To that end, Wells Fargo launched a marketing campaign aimed at businesses in low-to-moderate income and majority-minority census tracts with 10 or fewer employees, a tactic that Troutner said reached nearly a million people over the course of 45 days.
“We want to make sure that we were able to do a more deliberate outreach to those populations in the second round,” he said.
The future of small business lending is digital
Both Troutner and Miree emphasized the importance of a digital-only strategy in rolling out Wells’ PPP tools, a necessity because of the scale of the program — “We did the equivalent of about three-and-a-half to four years of lending volume in the space of a handful of months,” according to Troutner — and because of the desire to limit in-person interactions in the middle of the pandemic.
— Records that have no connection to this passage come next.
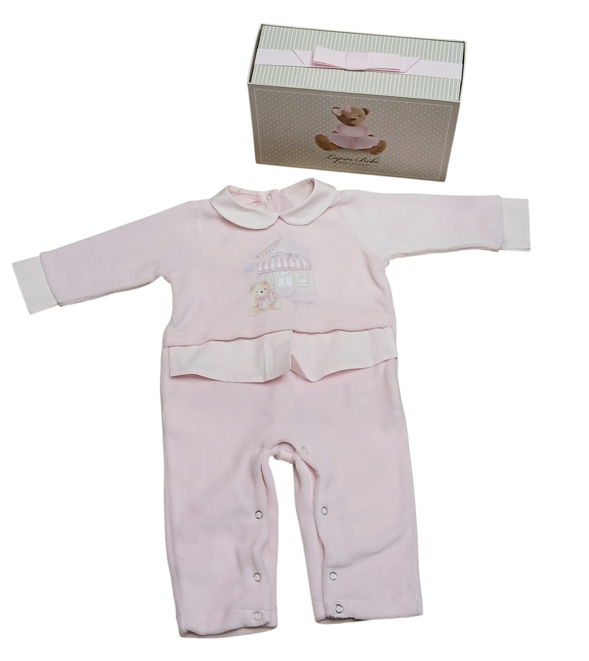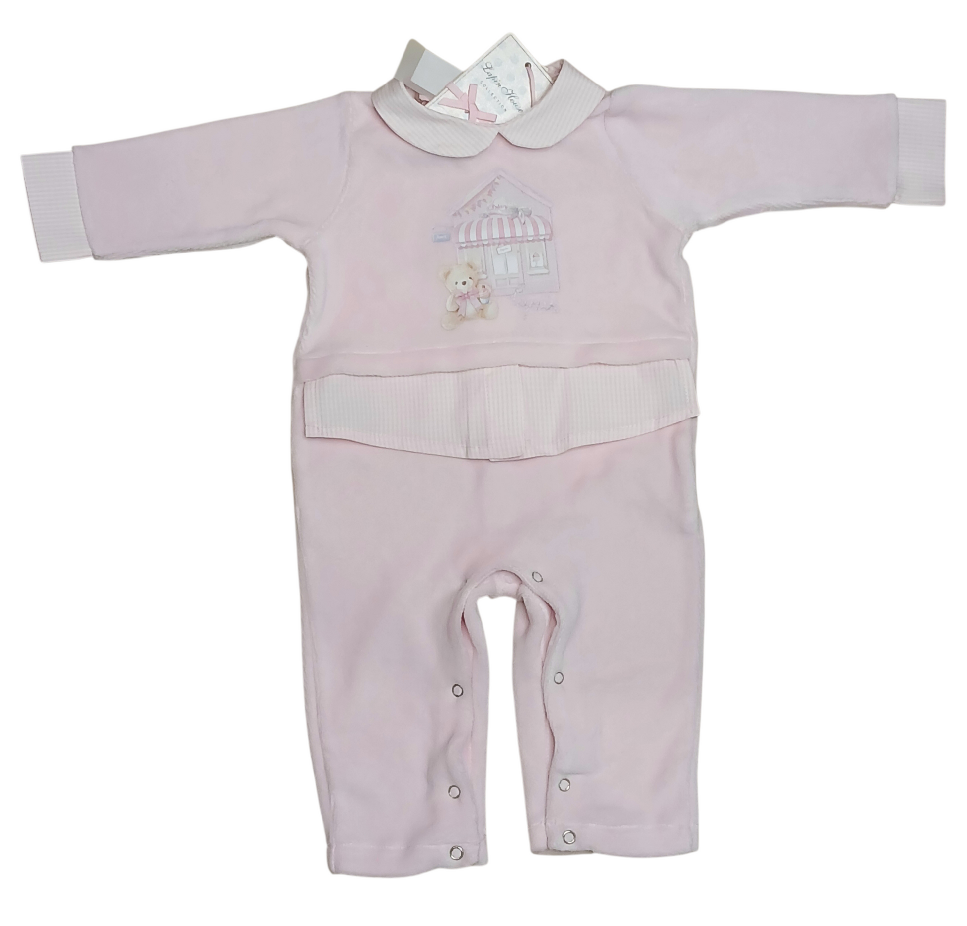 This Lapin house sweet little baby pink babygrow features a charming bakery shop and Teddy bear design on the front. With a white and pink checked collar and waist, this adorable one-piece is perfect for any little one. Keep your baby comfortable and stylish in this no feet design.
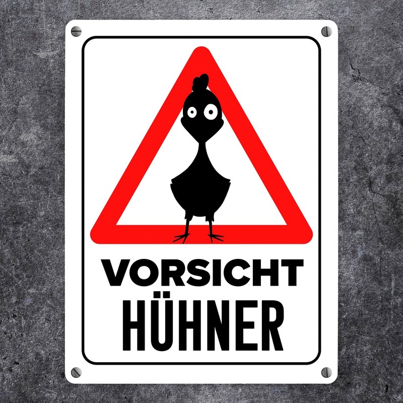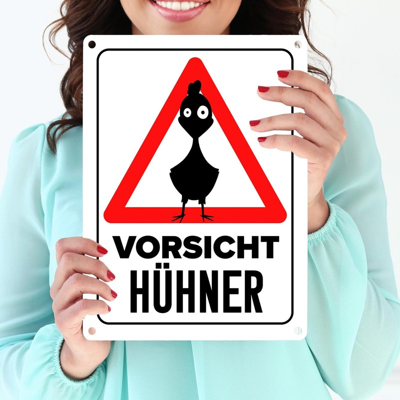 - Chickens are one of the most popular farm animals in Germany. No wonder, the fun chickens are easy to care for and easy to hold. With this funny metal sign, you can warn passers-by of your chickens. A fun decoration for the chicken coop or fence.
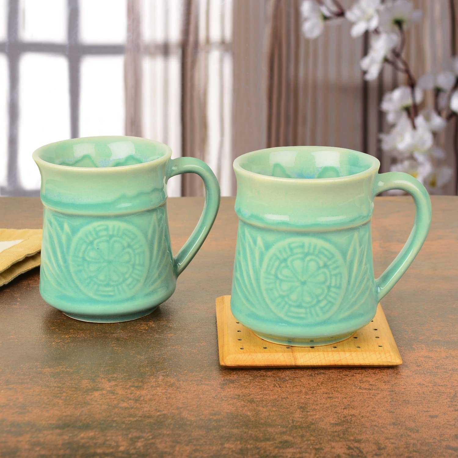 Studio Pottery Etched Ceramic Coffee Mugs Set Of 2 - 300ml Each, Turquoise | Milk Mugs | Tea Cups & Mugs
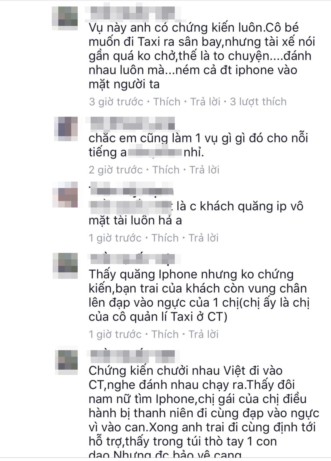 Giữa nhiều bình luận, một tài khoản tên T.Q.V được cho là đã có mặt tại nơi xảy ra cuộc cãi vã đã bất ngờ cho biết, sự viêc diễn ra sau đó hoàn toàn trái ngược với lời tố cáo của T.T. Anh cho biết, nữ người mẫu và bạn mình chẳng những ném điện thoại vào mặt tài xế taxi, chàng trai đi cùng T.T còn vung chân đá vào ngực chị gái của người điều hành xe tại CT Plaza khi cô này chạy ra ngăn cản cuộc xung đột.
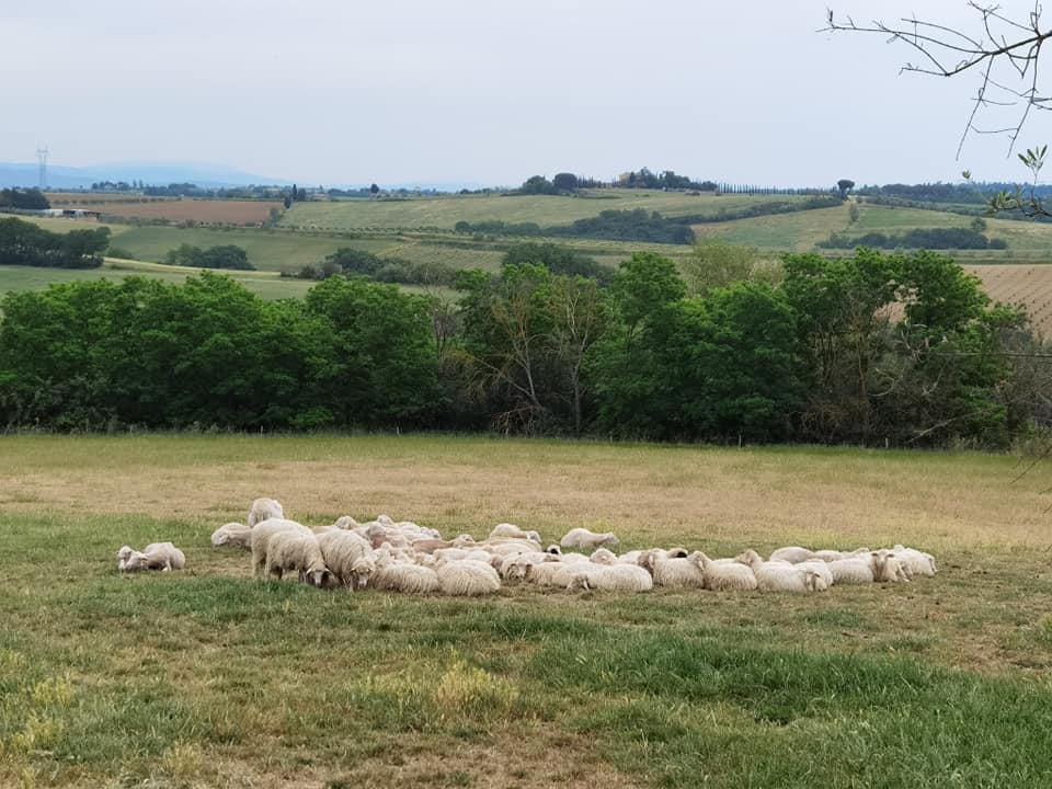 they raise hens that run on the lawn, graze the sheep on the hills of the Val d’Orcia,

These digitally-focused lending tools will be ultimately be a roadmap for future product development at Wells, Miree and Troutner said.
“There’s a whole series of lessons that we’ve learned from PPP itself,” Troutner said. “Number one for me is that we have to make a digital-first a core guiding principle for how we want to serve small-business customers going forward,” he added.
A key focus of the digitally-focused effort, Troutner and Miree also said, will be to provide more than just cash to Wells Fargo’s Open for Business Fund partners. Many of these partnerships will revolve around upgrading tech and digital capabilities at small businesses.
“You have to get them through the short term, but then what’s really important is also setting them up for the longterm,” Miree said.
It was sentiment echoed by Troutner.
“The pandemic has forced small businesses to have to dramatically evolve their business models. And almost every one of them now has had to have come up with some form of a digital strategy,” he added.